If you've ever opened, clicked, replied, or forwarded—thank you. Here's to a hundred more.
In this week's edition:
- Going all-in on obsessions: How fixations can fuel your deepest creative streak
- A weird A/B test: Crisp screenshots replaced with blurry teasers—conversion rate soared
- White-collar layoffs: Starbucks slices 1,000 corporate gigs, proving no job is bulletproof
- And more...
Most Interesting

Stamina > Talent
Obsession isn't a bug. It's the whole operating system. A designer followed their weirdest fixations—snakes, treadmills, antique signage—and built a wildly original career around them. This piece nails why chasing interests beats chasing productivity.

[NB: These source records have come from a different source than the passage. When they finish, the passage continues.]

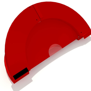
Airbus A330 Intake Plug, framed bi-fold type
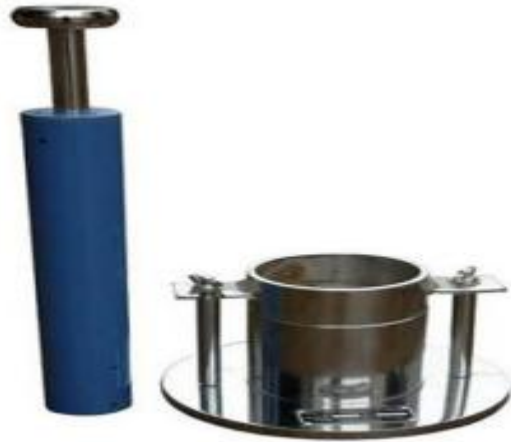
Fig 3.1.Modified Proctor test apparatus

Proctor Test is essentially for determination of the relationship between the moisture substance and dry density of soils compacted in a mould of a given size with a 2.5 kg rammer dropped from a stature of 30 cm. It is a research center test system for experimentally deciding the optimum moisture content (OMC) at which a given soil sorts will get most thick and accomplish its maximum dry density (Yd). The name Proctor is given out of appreciation for R. R. Proctor for demonstrating that the dry density of soil for a compactive exertion relies on upon the measure of water the soil holds throughout soil compaction in 1933. His unique test is most generally alluded to as the standard Proctor compaction test, which recently was overhauled to make the new compaction test. That is Modified Proctor Test.
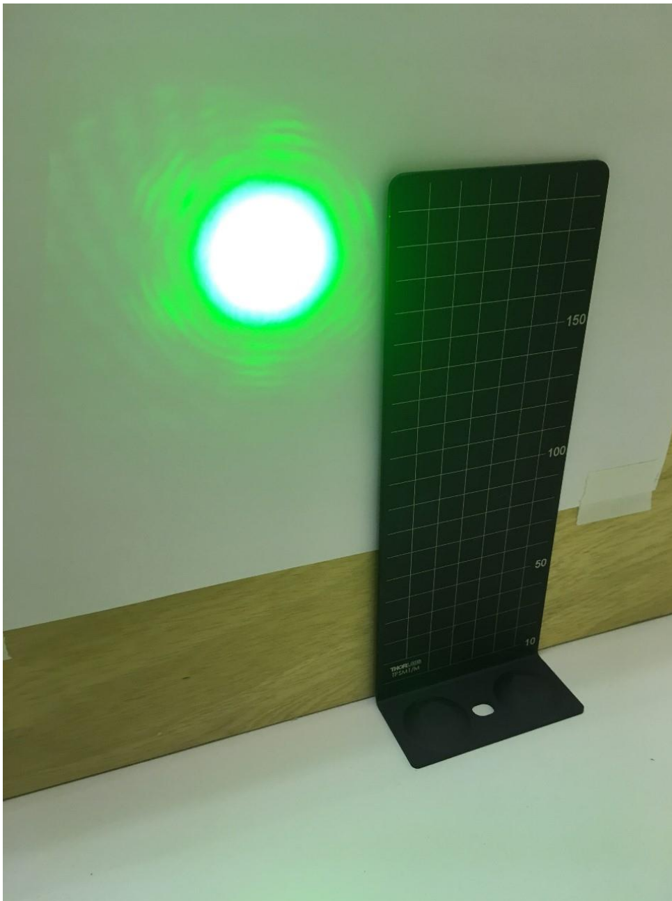
Fig. 2 Supercontinuum Beam at 532nm (Green)
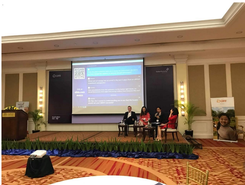
CEC U Tun Tun discussing about Women in Business

During two days event, participants from different countries explored key issues and general solutions for the prevention and resolution of sexual harassment. Participants also presented a variety of local and international perspectives.
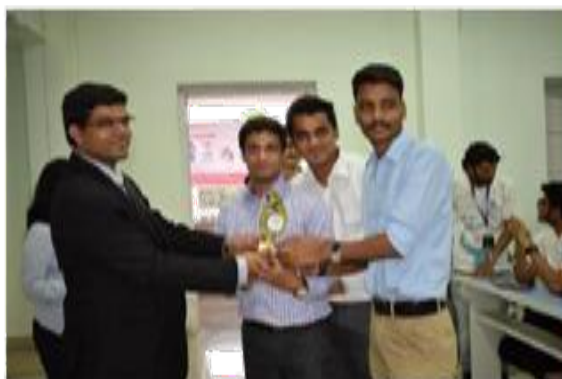
4. Prize Distribution Ceremony
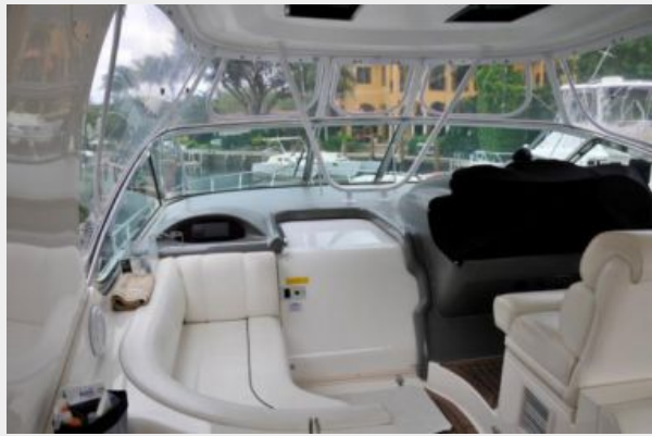
Bridge Deck Port Side
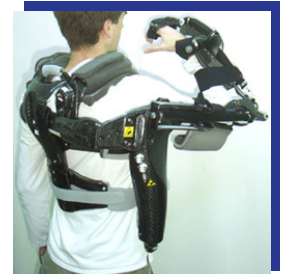
RUPERT: a device for robotic upper extremity repetitive therapy.

One of the weirdest A/B tests I've seen (but it worked). Tom blurred part of his product screenshot—and conversions jumped. The lesson? Sometimes curiosity is more interesting than clarity, at least for first impressions. It's dumb, effective, and very internet.
Top Resources
Screenshot exports still look like garbage? Here's the fix.
Max Burnside explains how to stop Figma's color profile bugs from ruining your exports. If your UI looks washed out on Twitter, this is why.

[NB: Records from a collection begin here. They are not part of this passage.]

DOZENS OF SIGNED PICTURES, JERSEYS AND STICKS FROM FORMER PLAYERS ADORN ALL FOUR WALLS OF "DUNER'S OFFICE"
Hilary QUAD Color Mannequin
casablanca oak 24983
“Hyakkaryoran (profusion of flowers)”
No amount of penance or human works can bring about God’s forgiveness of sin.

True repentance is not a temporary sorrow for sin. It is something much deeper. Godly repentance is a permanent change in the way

A powerful tool for matching color profiles across different platforms and devices.
High Agency: Rethinking limits through bold, creative action
A great piece by George Mack. If you read one article in this week's newsletter, this should be it.
What's Trending
Is knowledge work headed for a permanent decline?
Starbucks cuts over 1,000 corporate gigs as white-collar job losses spike. Rising unemployment, flat wages, and AI shifts unsettle how office work operates. (NYT)
Benedict Evans on the different flavors of disruption and what they mean for the future.
Paul Stamatiou says we're done clicking around. With AI interfaces answering for us, the whole premise of "surfing" is on the decline.
Closing Thought
100 editions. 100 weeks. That's a lot of time spent finding, filtering, and sharing. But here's the thing: I don't do this because I have to. I do it because curiosity is a muscle, and this is how I train mine.
Thanks for being here.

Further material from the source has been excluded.